Your espresso is bland, acidic and incomplete in flavour. Honestly, it’s just a cup of insecurity.
I’ve made this mistake several times because my strength was different each time I tamped. I have since moved to using a machine to tamp, creating equal pressure every tamp.
Mistake 2/7: Steaming Milk With Poor Pressure Control
When I first experimented with steaming milk, I immediately placed cold milk under the tip of the steam wand before turning it on. You get that awkward 10s pause while pressure builds up before some steam gets spat out in bursts.
When you have bursts of air and fluctuating pressure, the milk cannot be steamed consistently.
The more even the pressure that is injected into the milk, the more evenly the milk will incorporate air. This prevents the rising temperature of milk with insufficient air being whipped in.

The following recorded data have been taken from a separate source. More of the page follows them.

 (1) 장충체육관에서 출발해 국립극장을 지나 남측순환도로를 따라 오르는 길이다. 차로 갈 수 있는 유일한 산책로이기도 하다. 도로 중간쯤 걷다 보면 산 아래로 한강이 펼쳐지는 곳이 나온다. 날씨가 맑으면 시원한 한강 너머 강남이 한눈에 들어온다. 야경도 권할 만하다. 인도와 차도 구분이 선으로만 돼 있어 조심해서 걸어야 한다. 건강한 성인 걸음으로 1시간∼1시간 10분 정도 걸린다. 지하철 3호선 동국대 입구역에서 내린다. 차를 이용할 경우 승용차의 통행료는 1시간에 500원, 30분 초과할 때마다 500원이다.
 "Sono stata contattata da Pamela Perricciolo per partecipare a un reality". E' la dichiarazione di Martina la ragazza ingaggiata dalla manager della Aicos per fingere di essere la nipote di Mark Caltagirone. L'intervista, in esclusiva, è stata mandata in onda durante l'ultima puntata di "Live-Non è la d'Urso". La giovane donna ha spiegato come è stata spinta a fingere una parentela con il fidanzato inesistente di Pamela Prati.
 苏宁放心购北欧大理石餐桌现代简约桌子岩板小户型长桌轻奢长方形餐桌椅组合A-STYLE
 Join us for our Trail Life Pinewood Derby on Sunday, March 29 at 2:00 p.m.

The trick: let the pressure in the steam wand build up and run for a few seconds before placing the milk under the tip of the wand.

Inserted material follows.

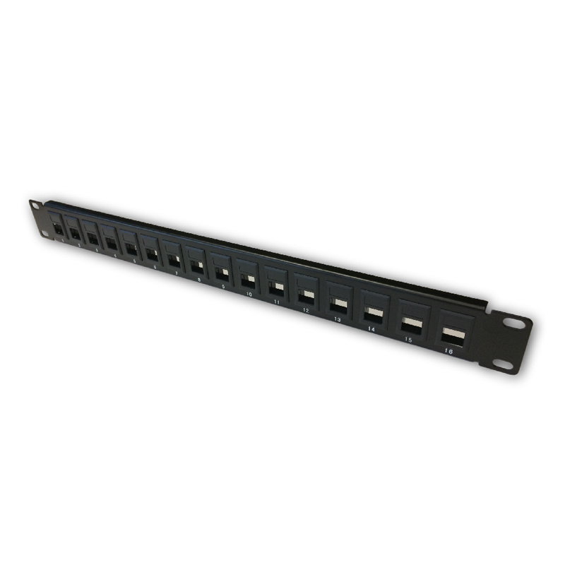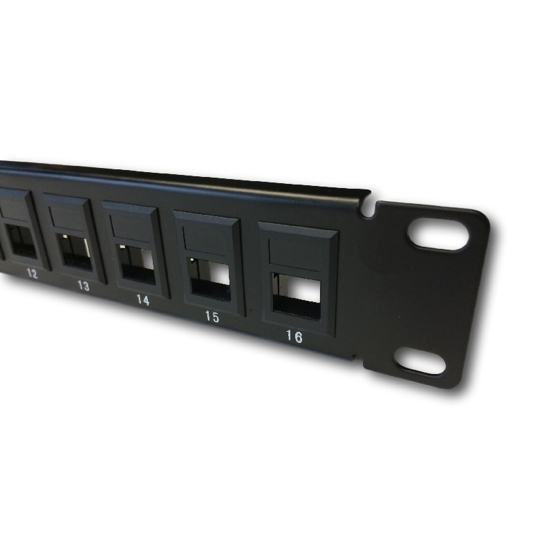- 19" Neosazený patch panel určený pro montáž do 19" datových rozvaděčů.

Mistake 3/7: Pouring Milk Too Quickly
Pouring the milk too quickly stems mostly from anxiety or ignorance – both of which are to be expected for beginners.
My many attempts at controlling milk streams mostly ended with strange blotches of white foam on my coffee.

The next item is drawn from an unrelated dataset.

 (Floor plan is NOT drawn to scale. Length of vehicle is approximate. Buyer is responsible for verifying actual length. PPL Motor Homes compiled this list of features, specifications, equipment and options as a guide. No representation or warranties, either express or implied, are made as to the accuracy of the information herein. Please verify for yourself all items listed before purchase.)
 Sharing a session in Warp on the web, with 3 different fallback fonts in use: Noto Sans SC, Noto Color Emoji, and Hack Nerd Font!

I was anxious that the milk would not flow out fast enough to create the pattern, so I neglected finesse and went for volume.
The thicker the stream of the milk, the more foam stays on the surface. The faster you pour the milk, the faster the foam will spread and the less control you have over it.
I was also ignorant. I never learnt how the thickness of milk streams can affect the design.
After all, whoever told you that pouring slower (and lifting the pitcher higher) can narrow the stream of milk foam on the coffee surface? Well, I just did (you’re welcome).
If you nailed every other step in the journey of mastering latte art magic, controlling your pour and handling the milk with intention would be the toughest.
To truly pull off any magical latte art design, the speed at which milk is poured has to be controlled.
Depending on the size of your pitcher, volume of milk and the size of your cup, the speed and volume of milk used would vary. To err with caution, pour slowly first to test how much finesse you have over the pitcher.
It doesn’t matter if it looks ugly at first. It’s just an experiment.
Eventually, once you are ready to create your design, start with bold, thick streams of milk to form the basic “pool” of white foam before slowly transitioning into a thinner stream.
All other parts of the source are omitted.